Following the acquisition of Louis Berger Group by WSP Global in 2018 for $400 million, the operations of Louis Berger Group in the United States were merged with WSP USA's. WSP USA acquired two US-based environmental consulting firms over the next two years: Ecology & Environment (E & E) in 2019, and LT Environmental in 2020.

In 2021, WSP purchased Golder Associates, and in 2022 WSP acquired Wood PLC’s Environment & Infrastructure Solutions, Inc. business.

==Current projects==

The firm is involved in Long Island Rail Road's East Side Access to Grand Central Terminal in New York City, with a planned opening of December 2022. It is also involved with the redevelopment of LaGuardia Airport in New York City, announced in 2015, with an expected completion date of 2022. In 2018, it was selected as the lead firm for the Charlotte Douglas International Airport Airfield Expansion, with a targeted completion of 2022. It is working on the new Dallas Fort Worth International Airport Southwest End-Around Taxiway, with an expected completion date of 2021. In 2018, it started working on a master plan update for San Antonio International Airport.

==Controversies==
Parsons Brinckerhoff partnered with rival engineering firm Bechtel to build the troubled Big Dig in Boston, Massachusetts.

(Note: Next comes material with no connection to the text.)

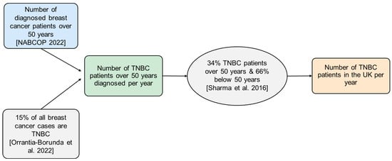 Method for the calculation of annual TNBC patients diagnosed in the UK. Assumptions outlined in the figure were used to calculate the total annual number of TNBC patients [4,34,35].

The Big Dig, or Central Artery/Tunnel project as it was officially known, was intended to replace an elevated Interstate freeway and connecting roads with a tunnel system underneath Boston. The project was beset with bad engineering, shoddy workmanship, and the death of an automobile passenger as a poor ceiling design caused a tunnel roof section to collapse on a car in the tunnel, crushing the victim. The Big Dig was years over schedule and engineering costs to several times of Bechtel/Parsons Brinckerhoff's original estimates, from $8 Billion to in excess of $24 Billion. Due to the poor construction, it has been estimated that the Big Dig's life span will be far short of the original specification that taxpayers paid for. The tunnels still have "thousands of leaks" and substandard materials. Subsequent to the fatal tunnel ceiling collapse, light fixtures have been found to have been incorrectly installed and corroding, posing a risk of failure and falling to the tunnel roadway.

Parsons Brinckerhoff was also the lead engineering firm to build the Silver Spring, Maryland transportation center. Despite a ballooning budget and a project that has run far behind schedule, the transit center was poorly constructed and has not become operational due to poor design and workmanship. In April 2014, The Washington Post published an exposé on Parsons Brinckerhoff's troubled transit center, reporting that an independent report has found that the public would be at risk due to falling concrete and needs a significant redesign and upgrades.

Parsons Brinckerhoff was part of a lawsuit for Lane Cove Tunnel, Sydney, Australia. The claim by AMP Capital Investors for Australian $144 million was settled in September 2014. The basis of the claim was 'Misleading and defective conduct' but the settlement is on confidential terms with no admission of liability.